## TASK OBJECTIVE:
Copy exactly the lines of the material below that run from the one containing "Behind the blade" through the one containing "ロシア軍が「1000機以上の無人機」を保管していた重要拠点が破壊される 衛星画像で被害明らかに 読み込み中...". Copy no other lines.

## RECORDS FOR THIS EXERCISE:
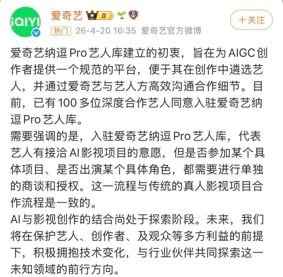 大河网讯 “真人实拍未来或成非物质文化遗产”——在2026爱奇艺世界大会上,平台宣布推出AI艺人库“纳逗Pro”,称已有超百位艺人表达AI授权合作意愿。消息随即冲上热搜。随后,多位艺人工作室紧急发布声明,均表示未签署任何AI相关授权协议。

==

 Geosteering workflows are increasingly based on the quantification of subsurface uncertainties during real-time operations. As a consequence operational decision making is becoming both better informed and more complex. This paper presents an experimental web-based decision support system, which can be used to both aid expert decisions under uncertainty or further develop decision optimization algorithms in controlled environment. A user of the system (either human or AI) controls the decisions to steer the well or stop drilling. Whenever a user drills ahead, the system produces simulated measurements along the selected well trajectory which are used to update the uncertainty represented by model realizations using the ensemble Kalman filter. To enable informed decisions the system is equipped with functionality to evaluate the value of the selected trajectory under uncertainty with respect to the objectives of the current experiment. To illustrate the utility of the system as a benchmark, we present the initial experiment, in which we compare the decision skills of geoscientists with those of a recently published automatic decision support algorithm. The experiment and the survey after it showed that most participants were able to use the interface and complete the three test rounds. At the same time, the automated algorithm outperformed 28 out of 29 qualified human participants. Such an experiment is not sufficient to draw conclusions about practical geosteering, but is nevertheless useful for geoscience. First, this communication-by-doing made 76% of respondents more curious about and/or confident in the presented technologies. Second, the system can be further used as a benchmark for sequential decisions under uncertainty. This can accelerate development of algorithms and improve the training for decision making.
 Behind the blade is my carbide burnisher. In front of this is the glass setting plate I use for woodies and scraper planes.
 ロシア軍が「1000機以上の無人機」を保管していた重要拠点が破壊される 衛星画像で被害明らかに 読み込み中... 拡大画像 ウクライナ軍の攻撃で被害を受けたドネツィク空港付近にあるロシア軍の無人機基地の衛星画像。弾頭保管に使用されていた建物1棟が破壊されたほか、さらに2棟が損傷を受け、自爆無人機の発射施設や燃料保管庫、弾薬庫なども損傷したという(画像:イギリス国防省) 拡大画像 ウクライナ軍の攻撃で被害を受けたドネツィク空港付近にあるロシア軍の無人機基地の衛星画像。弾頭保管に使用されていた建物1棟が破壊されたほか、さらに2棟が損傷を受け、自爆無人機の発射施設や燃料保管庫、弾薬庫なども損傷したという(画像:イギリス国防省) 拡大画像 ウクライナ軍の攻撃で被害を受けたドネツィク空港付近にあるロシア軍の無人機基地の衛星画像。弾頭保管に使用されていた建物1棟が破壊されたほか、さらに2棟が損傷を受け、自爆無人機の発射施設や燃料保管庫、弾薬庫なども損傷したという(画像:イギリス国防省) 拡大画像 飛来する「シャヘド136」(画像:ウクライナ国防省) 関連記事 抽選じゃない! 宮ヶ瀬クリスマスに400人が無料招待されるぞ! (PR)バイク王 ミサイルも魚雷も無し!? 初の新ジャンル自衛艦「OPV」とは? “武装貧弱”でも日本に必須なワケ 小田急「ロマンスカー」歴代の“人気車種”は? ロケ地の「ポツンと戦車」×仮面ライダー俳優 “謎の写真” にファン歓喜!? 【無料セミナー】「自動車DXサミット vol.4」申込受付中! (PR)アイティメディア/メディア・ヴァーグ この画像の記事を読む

...

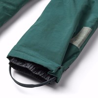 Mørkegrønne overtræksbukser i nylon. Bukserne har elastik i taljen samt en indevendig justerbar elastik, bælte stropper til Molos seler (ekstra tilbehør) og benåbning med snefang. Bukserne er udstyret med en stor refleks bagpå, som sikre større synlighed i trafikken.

## YOUR RESPONSE:
 Behind the blade is my carbide burnisher. In front of this is the glass setting plate I use for woodies and scraper planes.
 ロシア軍が「1000機以上の無人機」を保管していた重要拠点が破壊される 衛星画像で被害明らかに 読み込み中... 拡大画像 ウクライナ軍の攻撃で被害を受けたドネツィク空港付近にあるロシア軍の無人機基地の衛星画像。弾頭保管に使用されていた建物1棟が破壊されたほか、さらに2棟が損傷を受け、自爆無人機の発射施設や燃料保管庫、弾薬庫なども損傷したという(画像:イギリス国防省) 拡大画像 ウクライナ軍の攻撃で被害を受けたドネツィク空港付近にあるロシア軍の無人機基地の衛星画像。弾頭保管に使用されていた建物1棟が破壊されたほか、さらに2棟が損傷を受け、自爆無人機の発射施設や燃料保管庫、弾薬庫なども損傷したという(画像:イギリス国防省) 拡大画像 ウクライナ軍の攻撃で被害を受けたドネツィク空港付近にあるロシア軍の無人機基地の衛星画像。弾頭保管に使用されていた建物1棟が破壊されたほか、さらに2棟が損傷を受け、自爆無人機の発射施設や燃料保管庫、弾薬庫なども損傷したという(画像:イギリス国防省) 拡大画像 飛来する「シャヘド136」(画像:ウクライナ国防省) 関連記事 抽選じゃない! 宮ヶ瀬クリスマスに400人が無料招待されるぞ! (PR)バイク王 ミサイルも魚雷も無し!? 初の新ジャンル自衛艦「OPV」とは? “武装貧弱”でも日本に必須なワケ 小田急「ロマンスカー」歴代の“人気車種”は? ロケ地の「ポツンと戦車」×仮面ライダー俳優 “謎の写真” にファン歓喜!? 【無料セミナー】「自動車DXサミット vol.4」申込受付中! (PR)アイティメディア/メディア・ヴァーグ この画像の記事を読む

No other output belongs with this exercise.